Write out again, exactly, the lines below starting at the one with "カラフルなコード紐と高級感の" and ending at the one with "subtitles to generate.".

- _Source material_:
>>>

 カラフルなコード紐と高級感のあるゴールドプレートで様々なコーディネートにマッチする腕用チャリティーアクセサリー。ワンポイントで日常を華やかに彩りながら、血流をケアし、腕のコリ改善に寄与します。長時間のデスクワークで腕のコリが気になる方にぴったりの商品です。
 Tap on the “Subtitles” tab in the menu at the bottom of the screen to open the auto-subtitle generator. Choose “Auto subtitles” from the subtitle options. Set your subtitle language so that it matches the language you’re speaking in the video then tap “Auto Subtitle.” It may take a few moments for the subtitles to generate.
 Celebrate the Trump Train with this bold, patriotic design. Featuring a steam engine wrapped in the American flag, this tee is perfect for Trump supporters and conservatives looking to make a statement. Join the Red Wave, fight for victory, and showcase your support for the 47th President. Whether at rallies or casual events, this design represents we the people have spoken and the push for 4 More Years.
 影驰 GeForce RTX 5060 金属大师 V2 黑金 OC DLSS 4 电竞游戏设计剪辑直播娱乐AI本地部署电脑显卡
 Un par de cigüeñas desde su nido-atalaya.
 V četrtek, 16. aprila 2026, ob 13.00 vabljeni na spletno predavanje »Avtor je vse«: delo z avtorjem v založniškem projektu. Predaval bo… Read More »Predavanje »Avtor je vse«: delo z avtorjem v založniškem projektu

<<<
>>>

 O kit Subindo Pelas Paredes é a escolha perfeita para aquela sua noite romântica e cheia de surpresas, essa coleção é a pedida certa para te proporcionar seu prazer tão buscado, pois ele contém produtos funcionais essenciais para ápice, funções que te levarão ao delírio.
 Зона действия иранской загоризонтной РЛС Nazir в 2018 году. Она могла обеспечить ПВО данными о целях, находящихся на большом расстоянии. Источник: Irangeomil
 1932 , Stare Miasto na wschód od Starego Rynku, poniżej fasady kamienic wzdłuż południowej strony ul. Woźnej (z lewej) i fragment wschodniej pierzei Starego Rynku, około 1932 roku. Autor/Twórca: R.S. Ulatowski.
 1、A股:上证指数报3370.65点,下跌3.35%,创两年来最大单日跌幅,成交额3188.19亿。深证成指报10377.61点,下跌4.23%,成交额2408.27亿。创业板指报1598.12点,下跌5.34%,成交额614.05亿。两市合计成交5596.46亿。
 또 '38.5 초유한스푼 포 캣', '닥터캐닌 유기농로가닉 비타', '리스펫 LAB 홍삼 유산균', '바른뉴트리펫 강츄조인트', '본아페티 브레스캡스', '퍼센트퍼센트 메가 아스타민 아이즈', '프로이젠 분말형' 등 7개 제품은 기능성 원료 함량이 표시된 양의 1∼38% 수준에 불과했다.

<<<
>>>

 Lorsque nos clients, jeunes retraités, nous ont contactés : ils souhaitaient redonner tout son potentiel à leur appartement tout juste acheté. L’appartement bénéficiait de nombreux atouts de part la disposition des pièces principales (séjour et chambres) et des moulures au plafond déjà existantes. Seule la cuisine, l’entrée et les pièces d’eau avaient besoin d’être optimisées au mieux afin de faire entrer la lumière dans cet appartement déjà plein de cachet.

<<<

- _Result for this task_:
 カラフルなコード紐と高級感のあるゴールドプレートで様々なコーディネートにマッチする腕用チャリティーアクセサリー。ワンポイントで日常を華やかに彩りながら、血流をケアし、腕のコリ改善に寄与します。長時間のデスクワークで腕のコリが気になる方にぴったりの商品です。
 Tap on the “Subtitles” tab in the menu at the bottom of the screen to open the auto-subtitle generator. Choose “Auto subtitles” from the subtitle options. Set your subtitle language so that it matches the language you’re speaking in the video then tap “Auto Subtitle.” It may take a few moments for the subtitles to generate.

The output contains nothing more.